**DESCRIPTION OF THE TASK:** In the copy, keep every record exact and leave out all images.

**PROVIDED RECORDS:**

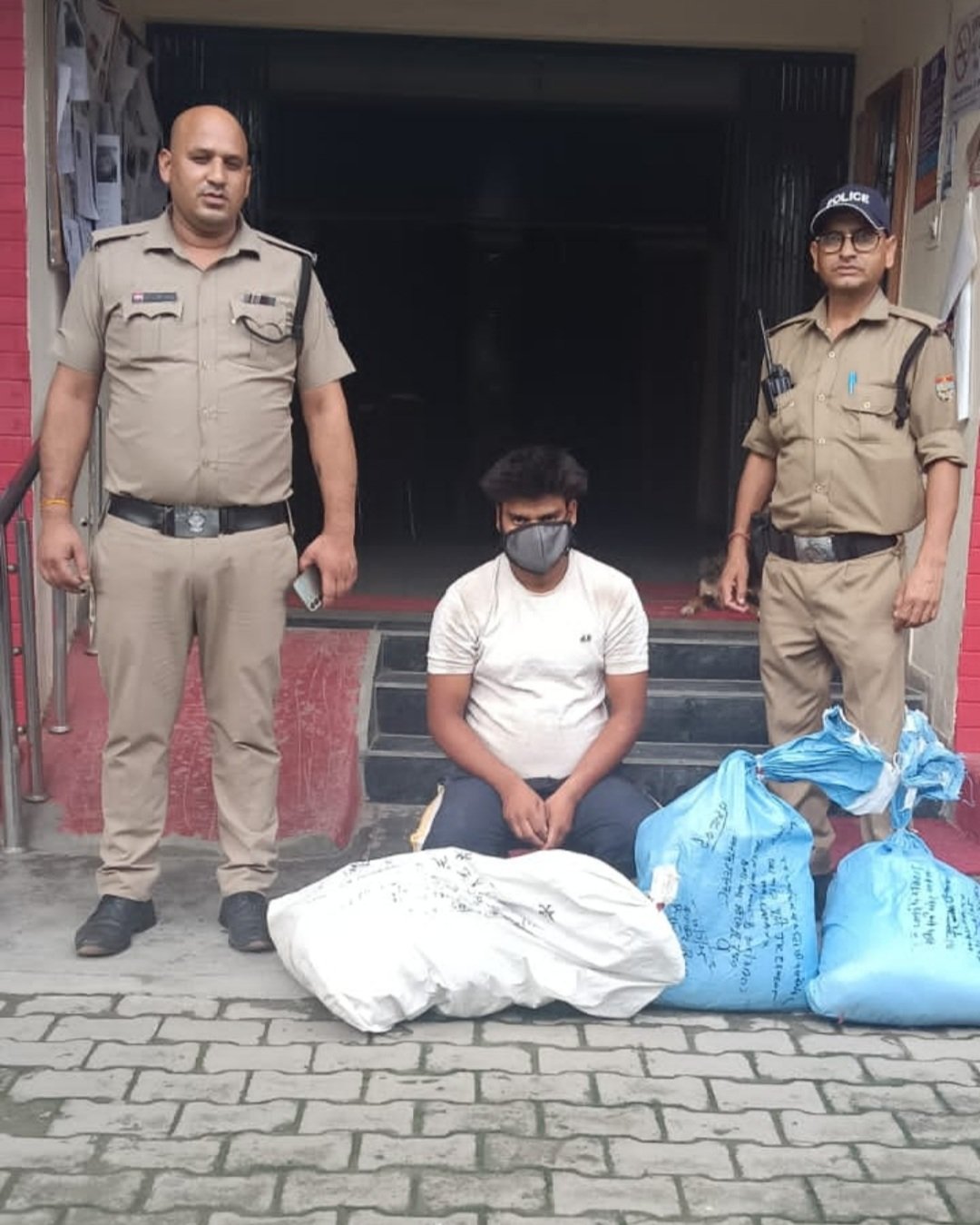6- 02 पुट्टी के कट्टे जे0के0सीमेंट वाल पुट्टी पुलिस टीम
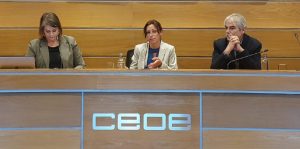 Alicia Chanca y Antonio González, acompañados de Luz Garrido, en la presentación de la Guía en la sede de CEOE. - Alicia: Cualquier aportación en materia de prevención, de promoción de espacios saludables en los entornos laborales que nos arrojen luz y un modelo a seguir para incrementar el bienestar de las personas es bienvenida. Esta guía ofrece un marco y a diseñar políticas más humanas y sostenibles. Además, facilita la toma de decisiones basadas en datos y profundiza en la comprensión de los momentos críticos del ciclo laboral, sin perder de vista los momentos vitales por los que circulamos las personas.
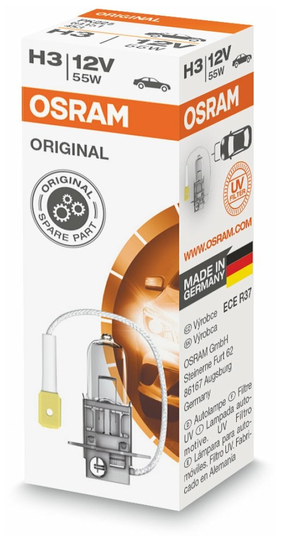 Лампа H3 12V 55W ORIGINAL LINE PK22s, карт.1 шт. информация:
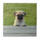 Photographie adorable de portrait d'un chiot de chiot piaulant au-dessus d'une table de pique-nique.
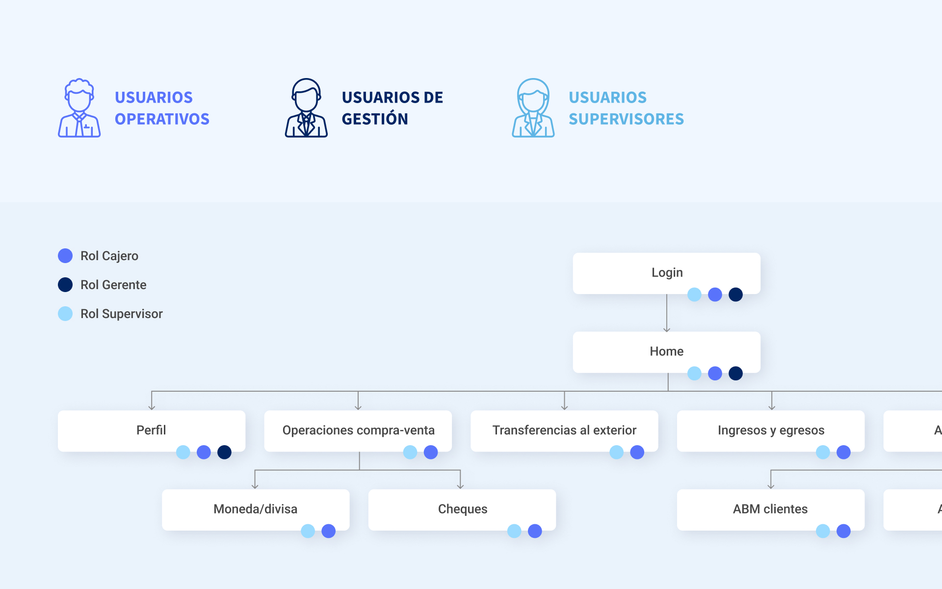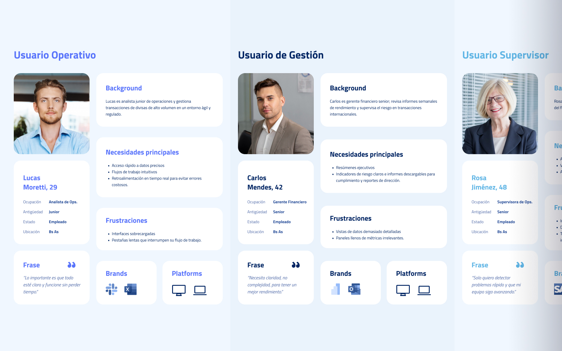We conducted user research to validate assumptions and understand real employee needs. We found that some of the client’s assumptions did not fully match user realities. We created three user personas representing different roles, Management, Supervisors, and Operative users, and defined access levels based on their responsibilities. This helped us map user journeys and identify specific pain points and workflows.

**RESULT FOR THIS TASK:**
6- 02 पुट्टी के कट्टे जे0के0सीमेंट वाल पुट्टी पुलिस टीम
 Alicia Chanca y Antonio González, acompañados de Luz Garrido, en la presentación de la Guía en la sede de CEOE. - Alicia: Cualquier aportación en materia de prevención, de promoción de espacios saludables en los entornos laborales que nos arrojen luz y un modelo a seguir para incrementar el bienestar de las personas es bienvenida. Esta guía ofrece un marco y a diseñar políticas más humanas y sostenibles. Además, facilita la toma de decisiones basadas en datos y profundiza en la comprensión de los momentos críticos del ciclo laboral, sin perder de vista los momentos vitales por los que circulamos las personas.
 Лампа H3 12V 55W ORIGINAL LINE PK22s, карт.1 шт. информация:
 Photographie adorable de portrait d'un chiot de chiot piaulant au-dessus d'une table de pique-nique.
We conducted user research to validate assumptions and understand real employee needs. We found that some of the client’s assumptions did not fully match user realities. We created three user personas representing different roles, Management, Supervisors, and Operative users, and defined access levels based on their responsibilities. This helped us map user journeys and identify specific pain points and workflows.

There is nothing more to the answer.